Alternatively, you can use the command-line interface:

```bash
python scripts/generate_with_intervention.py \
    --config configs/gpt2.yaml \
    --device cuda
```


## Directory Structure

```
SVGT/
├── models/              # Core model components
│   ├── base.py         # BaseValueModel class
│   └── value_stream.py # ValueTransformer, Discriminator, TokenGenerator
├── scripts/            # Training and generation scripts
│   ├── train_stage1.py
│   ├── train_stage2.py
│   ├── train_stage3.py
│   └── generate_with_intervention.py
├── training/           # Data loaders
│   ├── stage1_loader.py
│   ├── stage2_loader.py
│   └── stage3_loader.py
├── utils/              # Utilities
│   └── config_loader.py
├── configs/            # Configuration files
│   ├── base.yaml
│   ├── gpt2.yaml
│   └── ...
└── data/               # Data processing scripts
    ├── process_stage1.py
    ├── process_stage2.py
    └── ...
```

## Intended Use and Limitations

SVGT is a research prototype designed to study value-guided intervention in large language models.

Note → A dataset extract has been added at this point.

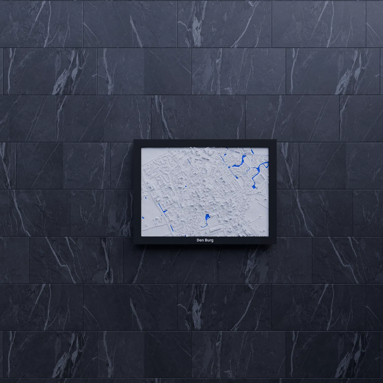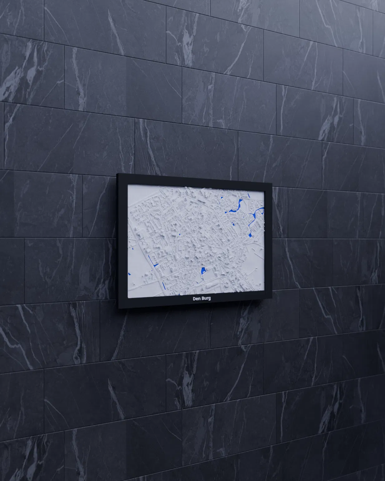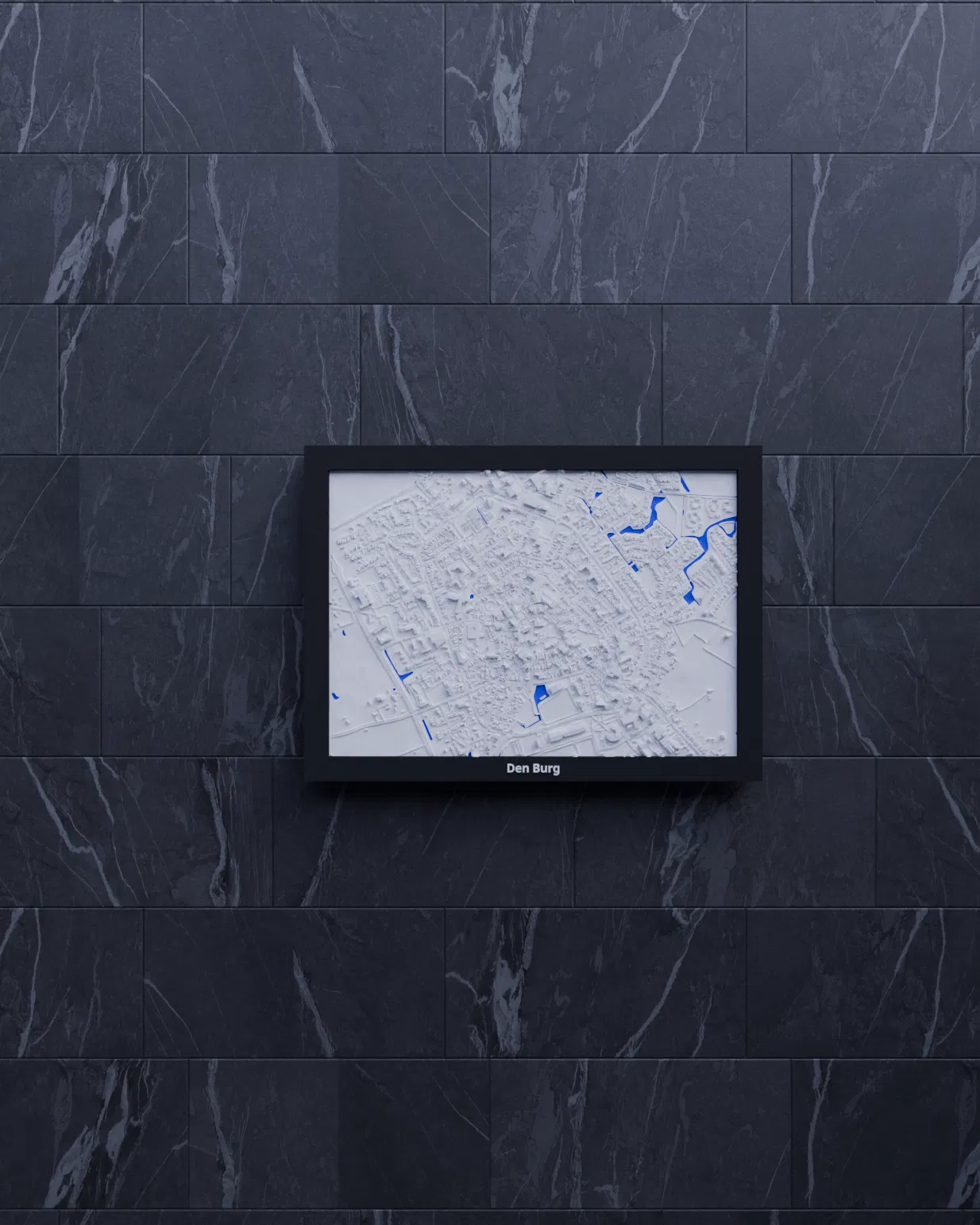 Bản thu nhỏ địa hình 3D tái hiện Den Burg (Hà Lan) từ dữ liệu địa lý, thu nhỏ từ 1.709×1.195 km xuống 170.5×119.5 mm (~10022:1). Có nhiều lựa chọn frame kèm lỗ treo, phù hợp trưng bày hoặc học tập.

- The method assumes white-box access to model hidden states and attention mechanisms.
- SVGT introduces additional inference-time computation and may increase latency.
- The system is not intended for direct deployment in safety-critical or production environments without further evaluation.

The repository is released for research and reproducibility purposes only.